## TASK DESCRIPTION
Write out, with no changes, every line starting at the one that contains "Каждый тип бани" and ending at the last line of the data below. Leave pictures out.

## COLLECTED DATA
────────────────────
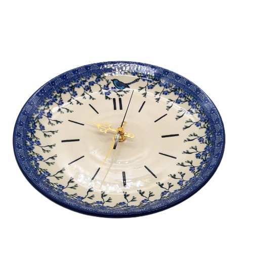 Zegar ścienny z ceramiki bolesławieckiej, to elegancki i funkcjonalny element dekoracyjny. Wykonany ręcznie, zgodnie z tradycją bolesławiecką, zegar posiada  wzór  zdobiony motywem roślinnym z elementem ptaszka na jasnym  tle. Zasilany na baterię, jest praktyczny w użytkowaniu, a jednocześnie stanowi piękną ozdobę ściany, idealną do kuchni, jadalni czy salonu. Ceramika Bolesławiec znana jest z trwałości i wysokiej jakości, co sprawia, że zegar ten posłuży przez wiele lat, ciesząc oko unikalnym wzornictwem.
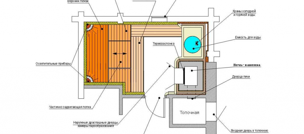 Каждый тип бани включает такие функциональные помещения:
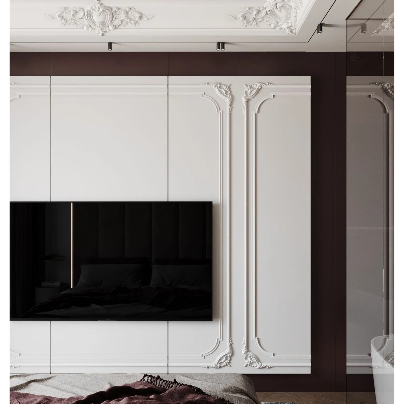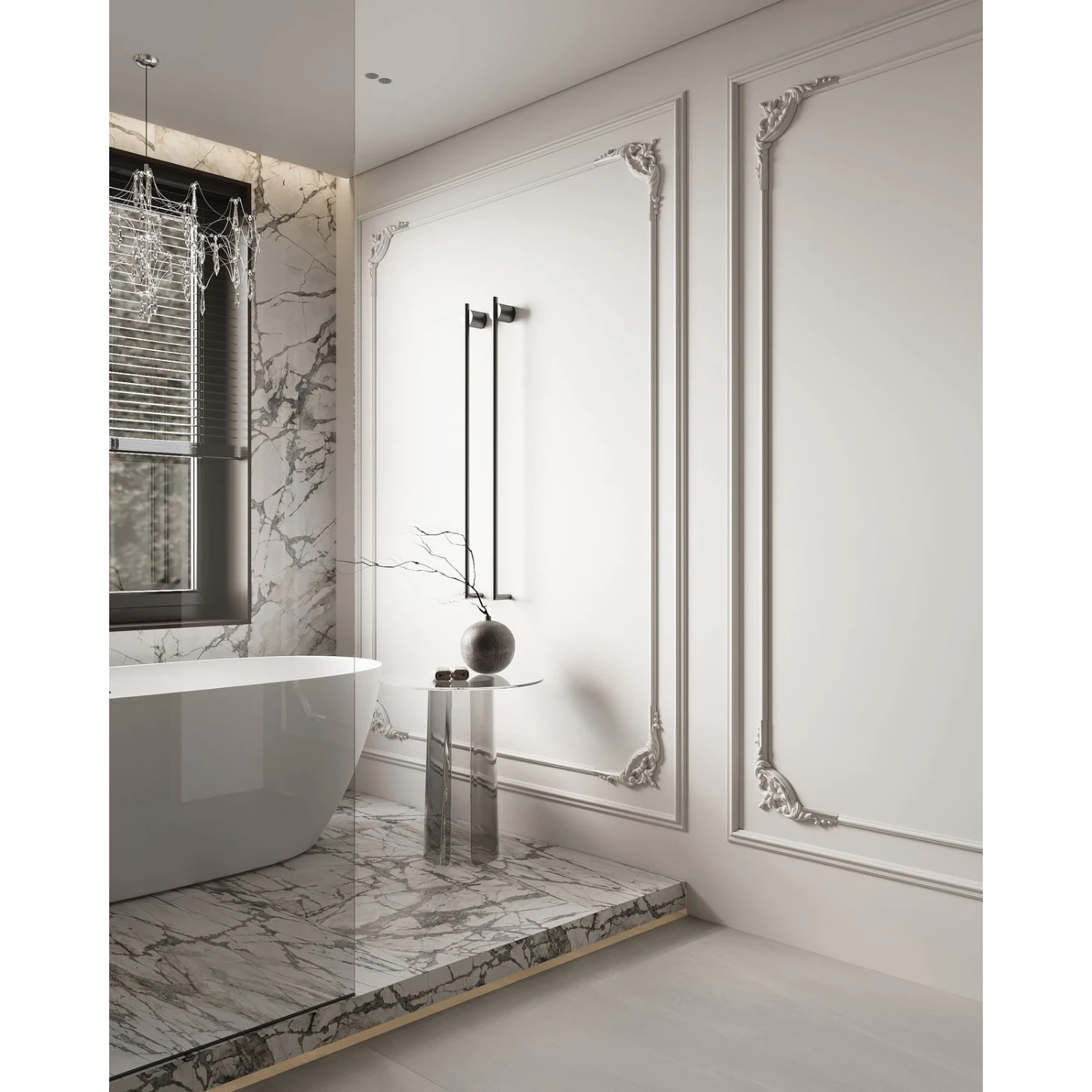 To klasyka w najlepszym wydaniu – symetryczna, lekka forma inspirowana XVIII-wieczną sztukaterią pałacową, która nadaje wnętrzu elegancję i subtelny przepych. Narożnik N-305 pozwala na estetyczne łączenie listew bez konieczności ich przycinania pod kątem, zachowując spójność i ciągłość dekoru.
────────────────────
## WRITTEN RESPONSE
 Каждый тип бани включает такие функциональные помещения:
 To klasyka w najlepszym wydaniu – symetryczna, lekka forma inspirowana XVIII-wieczną sztukaterią pałacową, która nadaje wnętrzu elegancję i subtelny przepych. Narożnik N-305 pozwala na estetyczne łączenie listew bez konieczności ich przycinania pod kątem, zachowując spójność i ciągłość dekoru.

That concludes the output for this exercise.